* PROBLEM DETAILS *
Restate all entries exactly. Skip the images.

(EXTRACTED RECORDS Opens)

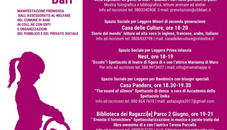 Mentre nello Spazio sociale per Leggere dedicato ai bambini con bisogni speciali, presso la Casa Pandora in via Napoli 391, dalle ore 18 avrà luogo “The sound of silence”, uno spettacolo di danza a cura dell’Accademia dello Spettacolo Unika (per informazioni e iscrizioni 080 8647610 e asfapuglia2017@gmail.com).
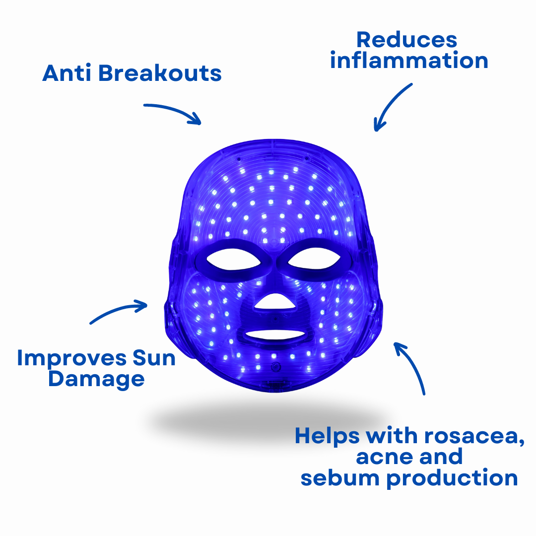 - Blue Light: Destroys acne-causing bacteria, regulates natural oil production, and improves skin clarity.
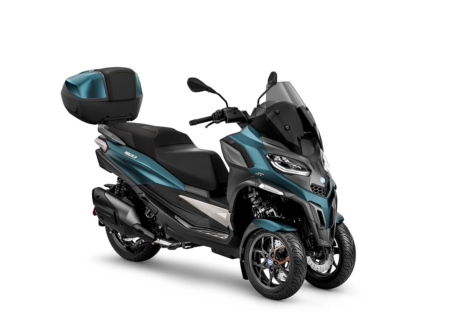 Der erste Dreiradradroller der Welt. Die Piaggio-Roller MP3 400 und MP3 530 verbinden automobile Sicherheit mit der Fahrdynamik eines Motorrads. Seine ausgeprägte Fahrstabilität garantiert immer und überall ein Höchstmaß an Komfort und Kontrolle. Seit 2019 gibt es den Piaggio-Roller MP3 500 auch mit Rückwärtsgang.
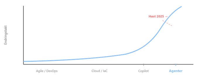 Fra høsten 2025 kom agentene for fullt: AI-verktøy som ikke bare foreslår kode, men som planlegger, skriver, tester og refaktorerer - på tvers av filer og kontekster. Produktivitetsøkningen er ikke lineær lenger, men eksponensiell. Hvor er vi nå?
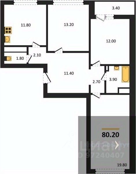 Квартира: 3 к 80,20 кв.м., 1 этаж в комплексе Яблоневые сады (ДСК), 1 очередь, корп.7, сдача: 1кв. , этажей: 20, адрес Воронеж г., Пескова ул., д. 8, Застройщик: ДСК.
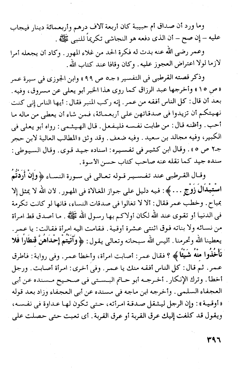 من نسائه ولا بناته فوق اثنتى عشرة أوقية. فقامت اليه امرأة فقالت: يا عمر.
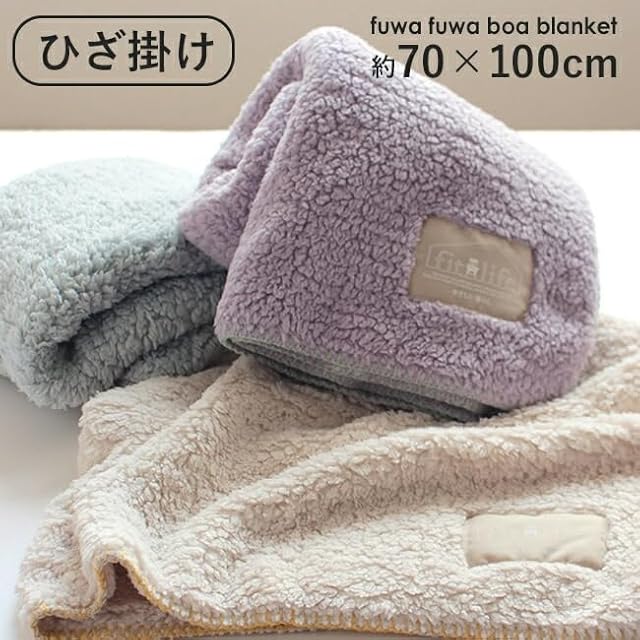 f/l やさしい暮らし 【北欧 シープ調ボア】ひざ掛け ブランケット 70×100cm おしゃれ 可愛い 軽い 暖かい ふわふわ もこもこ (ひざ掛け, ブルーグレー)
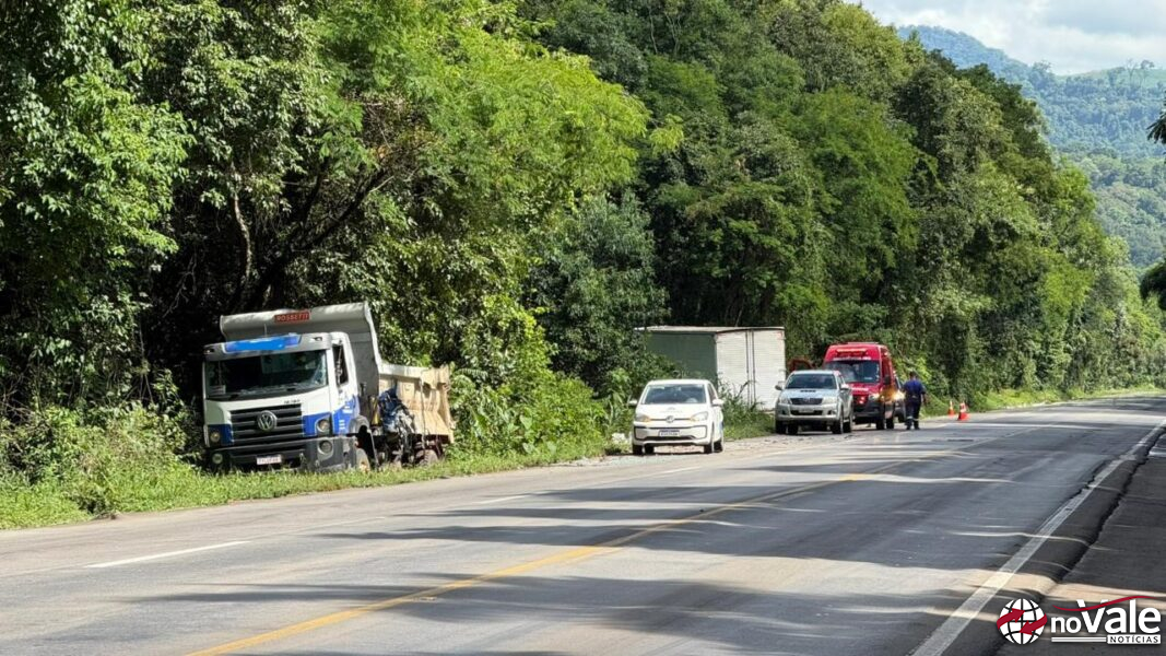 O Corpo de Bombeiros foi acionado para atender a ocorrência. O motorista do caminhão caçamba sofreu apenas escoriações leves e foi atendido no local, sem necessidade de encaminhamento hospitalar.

(EXTRACTED RECORDS Closes)

* ANSWER TO THE PROBLEM *
 Mentre nello Spazio sociale per Leggere dedicato ai bambini con bisogni speciali, presso la Casa Pandora in via Napoli 391, dalle ore 18 avrà luogo “The sound of silence”, uno spettacolo di danza a cura dell’Accademia dello Spettacolo Unika (per informazioni e iscrizioni 080 8647610 e asfapuglia2017@gmail.com).
 - Blue Light: Destroys acne-causing bacteria, regulates natural oil production, and improves skin clarity.
 Der erste Dreiradradroller der Welt. Die Piaggio-Roller MP3 400 und MP3 530 verbinden automobile Sicherheit mit der Fahrdynamik eines Motorrads. Seine ausgeprägte Fahrstabilität garantiert immer und überall ein Höchstmaß an Komfort und Kontrolle. Seit 2019 gibt es den Piaggio-Roller MP3 500 auch mit Rückwärtsgang.
 Fra høsten 2025 kom agentene for fullt: AI-verktøy som ikke bare foreslår kode, men som planlegger, skriver, tester og refaktorerer - på tvers av filer og kontekster. Produktivitetsøkningen er ikke lineær lenger, men eksponensiell. Hvor er vi nå?
 Квартира: 3 к 80,20 кв.м., 1 этаж в комплексе Яблоневые сады (ДСК), 1 очередь, корп.7, сдача: 1кв. , этажей: 20, адрес Воронеж г., Пескова ул., д. 8, Застройщик: ДСК.
 من نسائه ولا بناته فوق اثنتى عشرة أوقية. فقامت اليه امرأة فقالت: يا عمر.
 f/l やさしい暮らし 【北欧 シープ調ボア】ひざ掛け ブランケット 70×100cm おしゃれ 可愛い 軽い 暖かい ふわふわ もこもこ (ひざ掛け, ブルーグレー)
 O Corpo de Bombeiros foi acionado para atender a ocorrência. O motorista do caminhão caçamba sofreu apenas escoriações leves e foi atendido no local, sem necessidade de encaminhamento hospitalar.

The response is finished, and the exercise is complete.